Two sisters from Stockport will not be deported temporarily to Pakistan where they say they face the threat of LGBT-based violence.

Samina, 52, and Nazia Iqbal, 48, were due to be  removed out of the country this week from Manchester airport after a judge said it was not "credible" that they are gay reports Sky News.

This despite the sisters telling families that they started dating women 20 years ago.

The Home Office now appeared to make a U-turn on the decision.

The Iqbal sisters were not told they would not be put on the flight and moved to the Yarl's Wood Immigration Removal Centre.

The pair are now awaiting a bail hearing on Tuesday.

Speaking to Sky News from Yarl's Wood, Samina said, "We are scared. We have been so upset, crying and don't feel like [we want] anything to eat or drink."

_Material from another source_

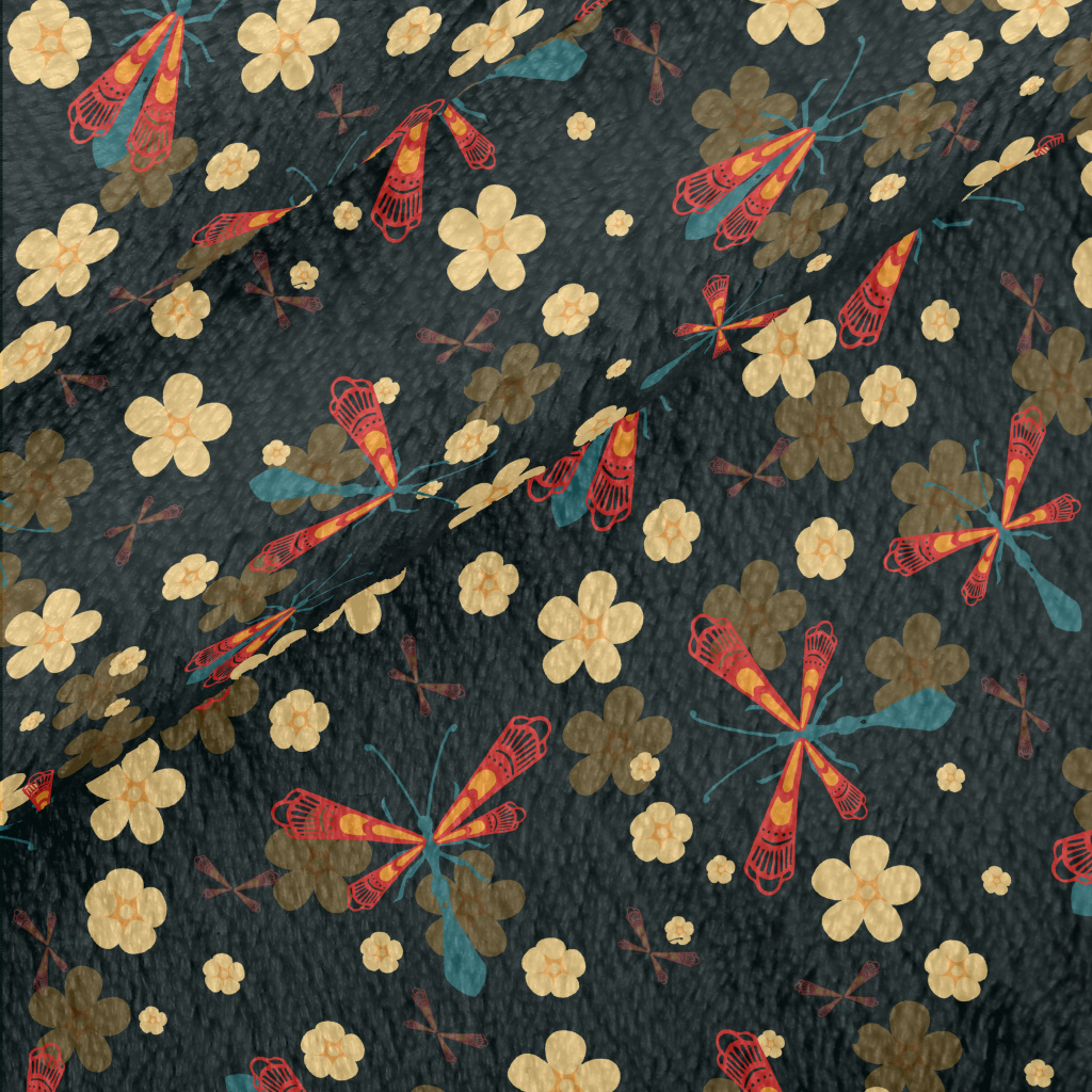 Flowers, Grass, Insects Minky

In a statement through their lawyer, the sisters told Sky News: "We both knew we were gay all our lives but we couldn't accept it as it would have put our parents in hardship in Pakistan, and we couldn't see the shame in our parents eyes for us.

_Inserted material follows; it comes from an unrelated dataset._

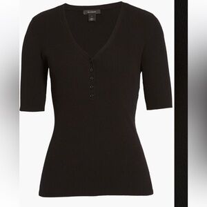 Halogen ribbed black v neck buttoned henley top, size L. 86% viscose/14% polyester, machine washable. New without tags.

"Homosexuality is despised in Pakistan and people are killed for being homosexual."

Nazia and Samina supported each other as they began to try to find love.

"After this we did pursue relationships and tried to keep it secret [but] it made us feel like we were criminals and unclean, we had to maintain our distance in public and enter through back doors to see our partners."

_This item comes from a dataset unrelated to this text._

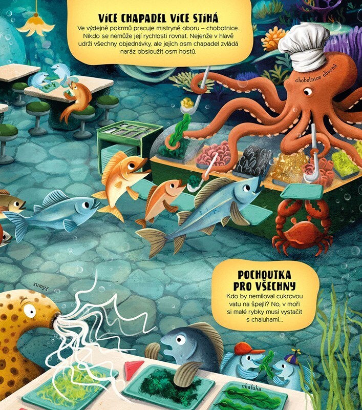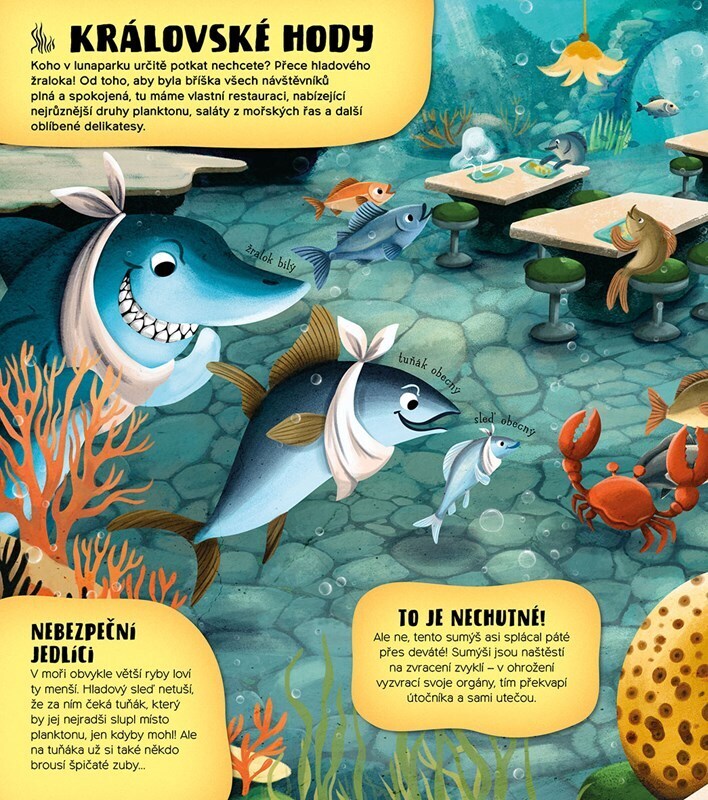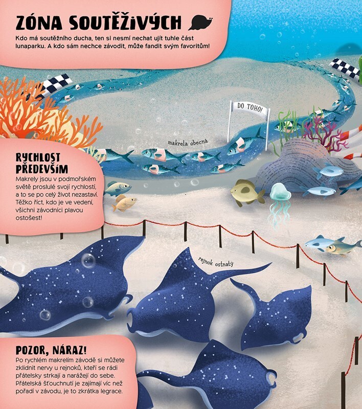 Vítej v podmořském lunaparku! Sépie ti u vstupu natiskne inkoustové razítko, a už můžeš dál. Ale kam dřív? Na hřišti v korálovém útesu dovádějí želvy, sardinky se tísní v kabinkách vyhlídkového kola, mořský ďas je hlavním lákadlem strašidelného vraku, a pokud se unavíš, popoveze tě dobrácký...

Their brother-in-law, Mohammed Naeem Ali, told Sky News: "I feel totally lost and helpless to try to stop my sisters being sent back to Pakistan.

"They went through a very traumatic period before finally coming over to us in 2010, all of it was unknown to me and their sister. All they kept saying to me was that it was not safe for them living there as two single women - hiding the real reason until recently when they told us in 2018."

He added: "I believe it is an underlying policy to discredit the majority of applications which makes me extremely angry."